Но страшнее холода, страшнее тесноты были мысли. Все они насквозь
пропитались серой тоской. Их было вроде бы и немного, мыслей, но одна
тянула другую, а та третью, и еще, и еще, и снова о том же.
Больше никогда ему не быть Помощником. Значит, и о Стажерстве речи
нет. С этими мечтами можно распрощаться навсегда. А ведь еще бы немного...

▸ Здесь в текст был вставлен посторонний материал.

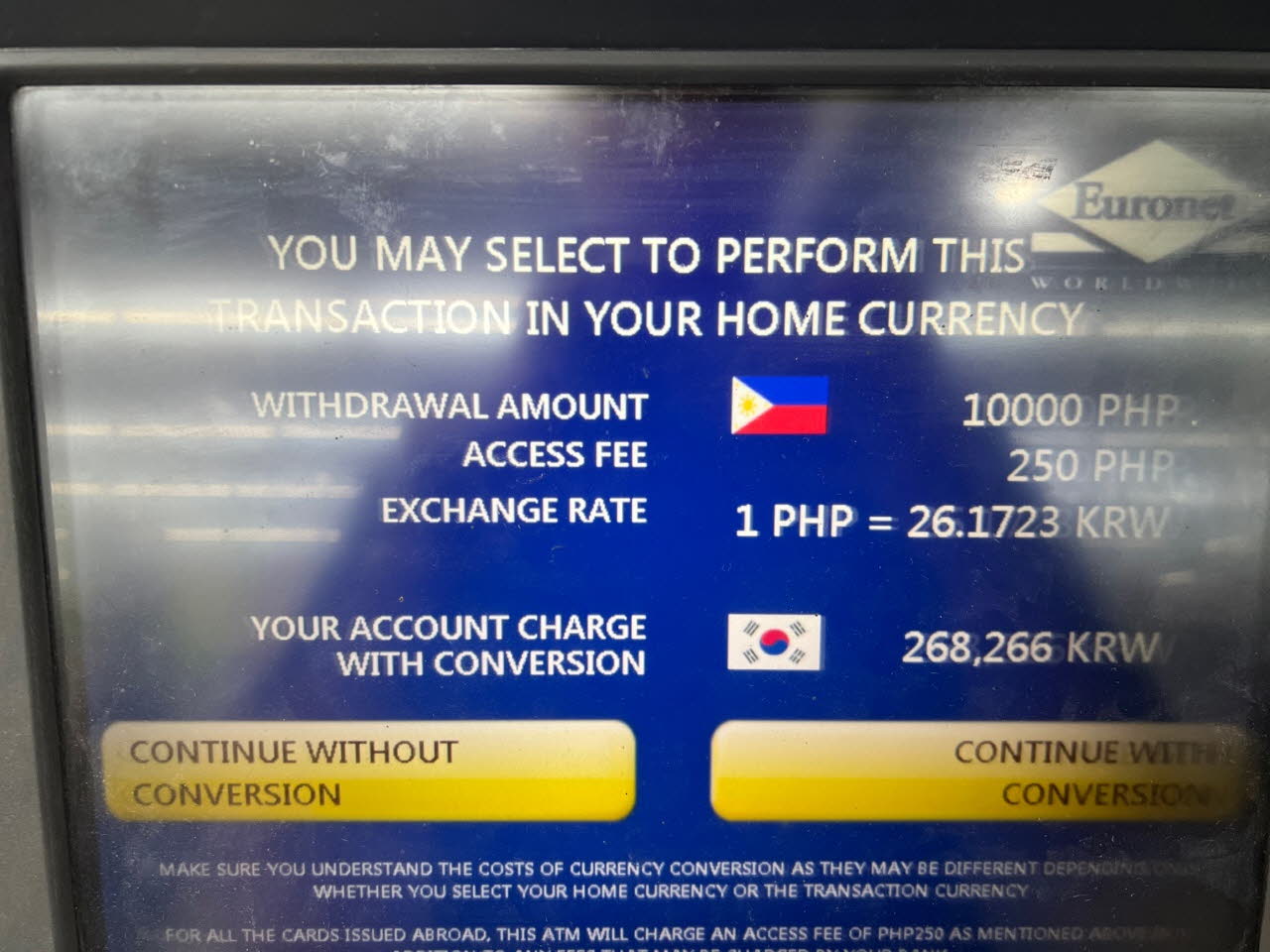 최대로 많이 뽑을수 있는 금액이 10,000 PHP 여서10,000 PHP 의 250 PHP 정도면 음.. 5천원 정도니까

Эх, если бы не идиотская затея с куревом! Ну чего ему стоило не пойти на
тренировку? Лучше бы Рыжова лишний раз погонял, как советовал Серпет. А
ведь, наверное, Серпет советовал не просто так. Он ведь что-то знал. Или
догадывался.
Но кто же все-таки настучал? Хотя какая теперь разница? Тем более,
что ребят он больше не увидит. Какое бы ни избрали им наказание - все
равно разошлют по разным местам.
А ведь, наверное, все они сейчас сидят в таких вот ледяных мышеловках
и с тоской ждут утра. А утром... Об этом не стоило думать, но сколько
Костя ни отгонял мысли, они все равно вползали непрошенные, едким дымом
заволакивали сознание, и картины сменялись одна другой - и ничего с ними
не поделать.
Он знал, как это бывает. После завтрака всю Группу торжественно
выведут в зал. Стулья заранее сдвинут к стене, чтобы не мешались. Ребят
выстроят в шеренгу у другой стены. Они встанут по стойке смирно, не
шевелясь, неподвижностью скрывая страх и распаленное любопытство. Все - и
Рыжов, и Царьков, и Галкин, и конечно, Серега Ломакин. Завтра он, наконец,
дождется своего - на рукаве его куртки появится нашивка Временного
Помощника. Именно его и выдвинут, больше некого. Не случайно он все время
чего-то ждал, таился. Может, он и будет завтра строить Группу - потный,
суетливый от радости, гордый оказанным доверием, ошалевший от открывшихся
перспектив.
А на середину зала поставят ту самую узкую черную скамейку, принесут
цинковое ведро с длинными тонкими прутьями. Серпет, а может, тот самый
начальничек в белом халате, зачтет приказ. Потом Наблюдательницы приведут
его, Костю. Прозвучит команда - резкая, четкая, отданная тем самым
железным голосом. И ничего не поделаешь - не драться же с ними со всеми.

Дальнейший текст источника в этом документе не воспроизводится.